Graduate students and early-career researchers are especially
encouraged to submit abstracts.
Abstract Guidelines:
Abstracts must not exceed 500 words. References, examples, tables, and
figures may be included on additional pages and do not count toward
the word limit.
All abstracts must be fully anonymized and should not contain any
identifying information about the author(s).

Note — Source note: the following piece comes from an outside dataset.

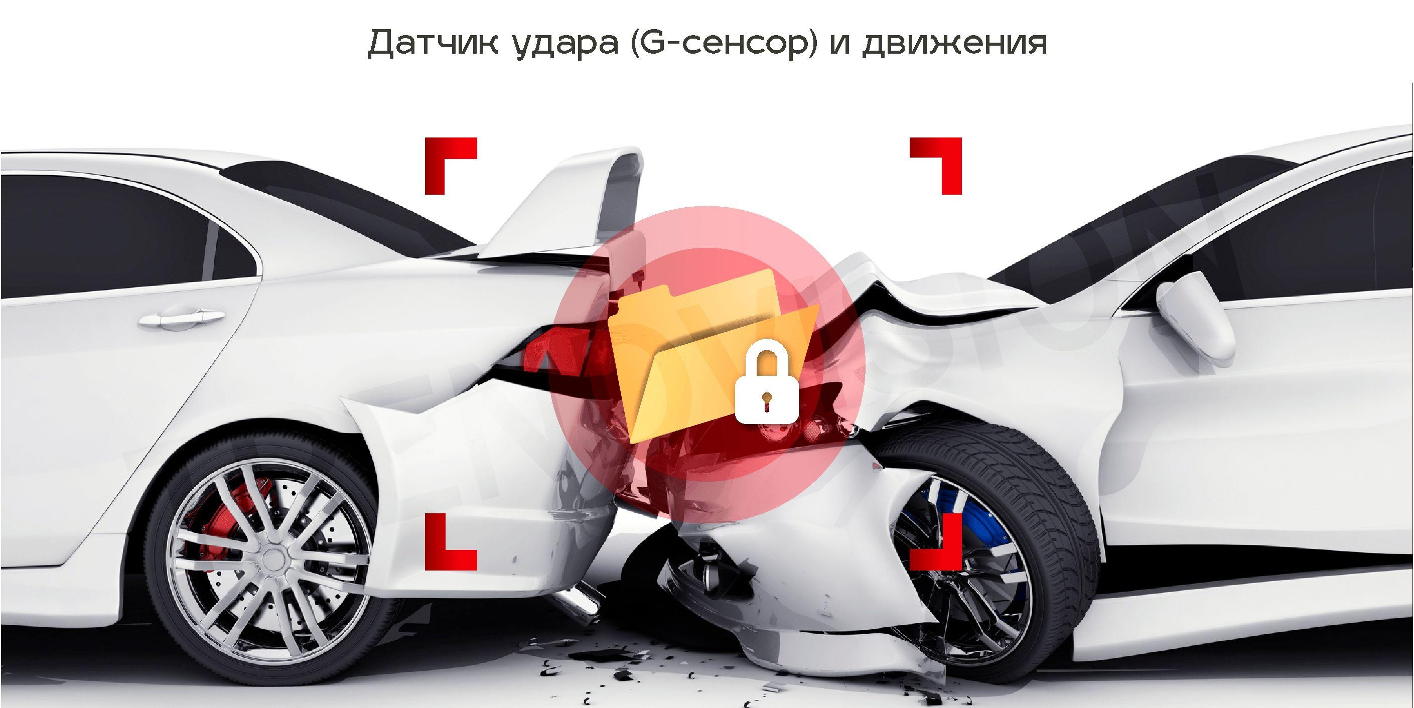 Благодаря встроенным датчикам движения и удара, устройство сразу сохранит записанные видеофайлы в защищенной области карты памяти, при даже малейшем воздействии на автомобиль. Тем самым окажет помощь как в режиме парковки, так и в случае ДТП на дороге.
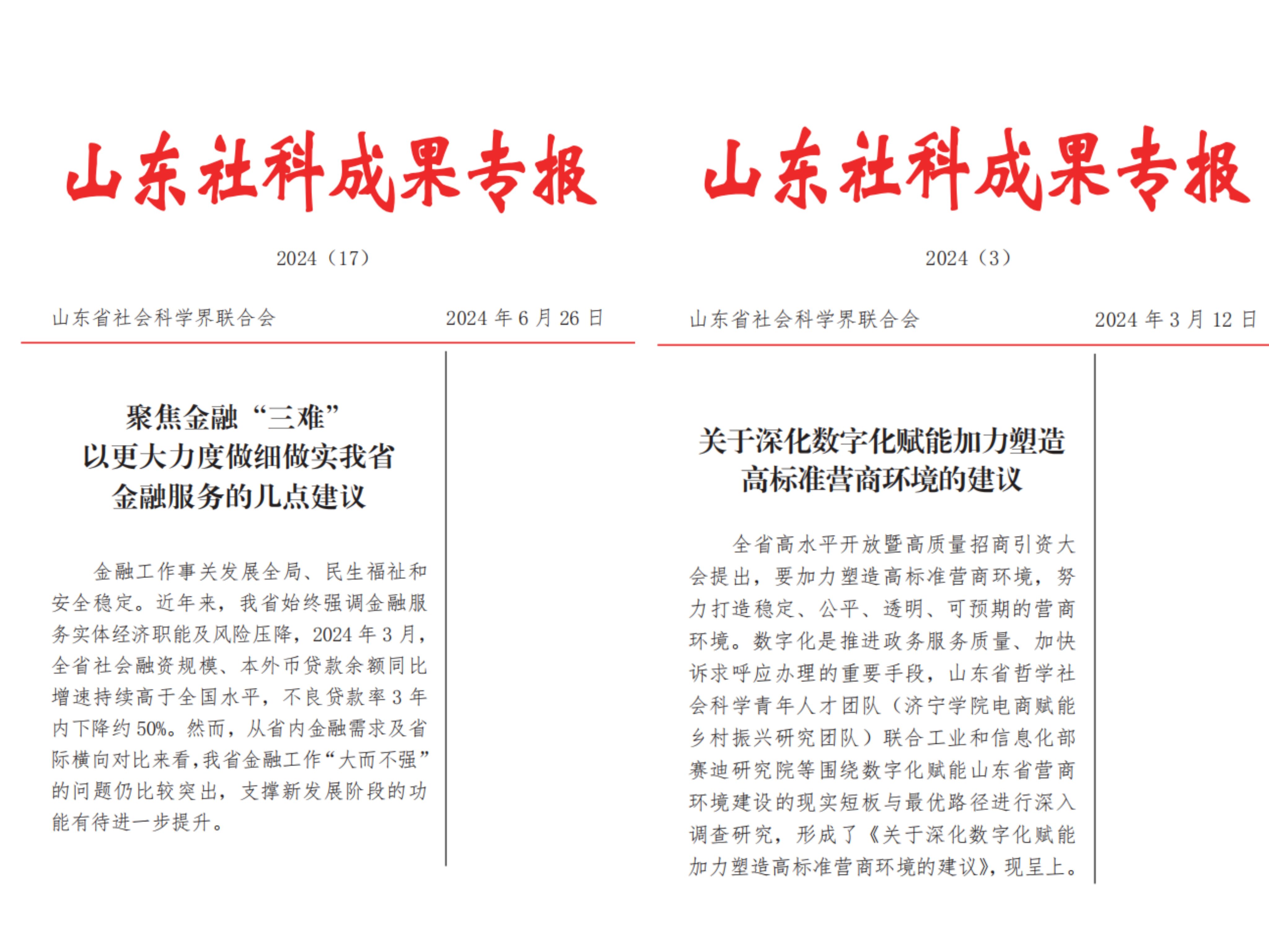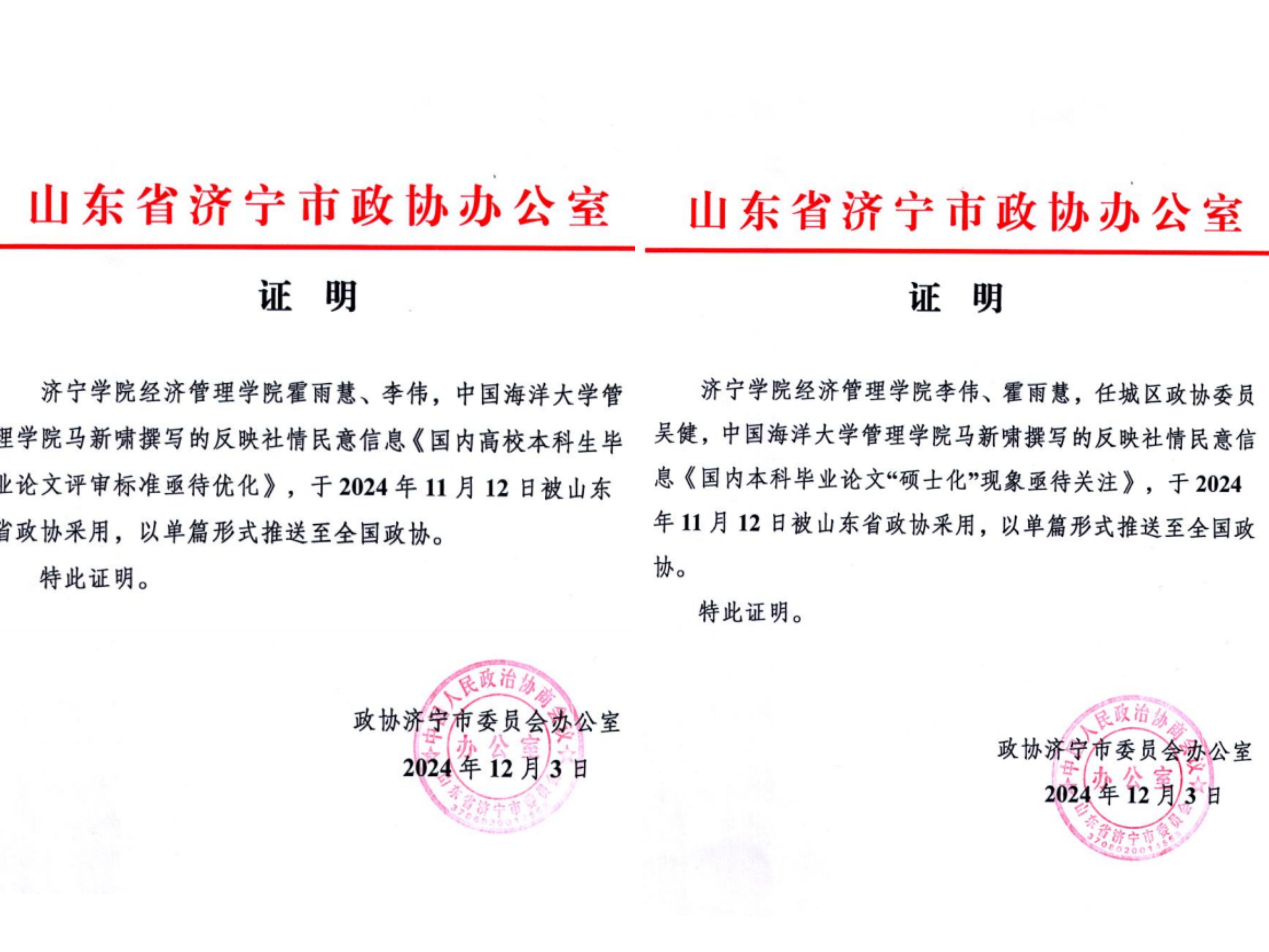 《关于深化数字化赋能加力塑造高标准营商环境的建议》(作者:霍雨慧、李伟)《打造山东省农村电商“齐鲁样板”的几点建议》(作者:霍雨慧、李伟)两篇获省级社科专报(《山东省社科专报》)采纳。《生成式人工智能背景下互联网宗教事务治理面临的挑战与对策》《我国二次元产业发展潜在的风险与对策建议》(作者:林林)被民革中央采纳。《我国高校本科生毕业论文(设计)工作亟待优化》(作者:霍雨慧、李伟、马新啸)《国内本科毕业论文“硕士化”现象亟待关注》(作者:李伟、霍雨慧、吴建、马新啸)被山东省政协采纳,以单篇形式推送至全国政协。

Abstracts may be submitted in English or French. Authors are welcome
to include an optional second version of their abstract in another
language for inclusion in the conference program.
Submission Types:
Regular Papers and Posters
Both papers and posters will be presented in person and will include
time for discussion.
The standard presentation format will be 10 minutes followed by 5
minutes of discussion. A limited number of presentations may be
scheduled in a 20-minute format at the discretion of the program
committee. Authors do not need to indicate a preferred presentation
length.
Project Launch
Project Launch submissions provide an opportunity for researchers to
present the early stages of a research project and receive feedback
from the NWAV community. This format is particularly well suited for
graduate students and early-career researchers. All Project Launch
presentations will take place in poster format to facilitate
discussion and interaction.
Special Sessions
Proposals for themed sessions are welcome, particularly those aligned
with the theme of the conference. A special session proposal should
include:
 - an abstract describing the proposed session
 - an abstract for each individual paper included in the session
Proposals should be submitted as a single PDF file, with each abstract
on a separate page.
Individual paper abstracts must remain anonymized. The session
description itself may include identifying information if necessary
for evaluation.
Prospective organizers of special sessions are encouraged to contact
the organizing committee at: nwav54 at ling.umontreal.ca
Submission Limits:
Each author may submit:
 - one single-authored and one co-authored abstract, or
 - two co-authored abstracts
This limit applies across all presentation types.
Submission Platform:
Abstracts will be submitted through Oxford Abstracts. The submission
portal will open on May 1, 2026 and will close on June 1, 2026
(11:59pm EDT).
NWAV 54 is committed to fostering an inclusive and respectful
scholarly environment. We welcome submissions from researchers at all
career stages and from all regions of the world, and we particularly
encourage proposals from those working with underrepresented
communities and languages. We look forward to welcoming scholars from
around the world to Montreal and to continuing NWAV’s long-standing
tradition as a vibrant forum for scholarly exchange on linguistic
variation and change.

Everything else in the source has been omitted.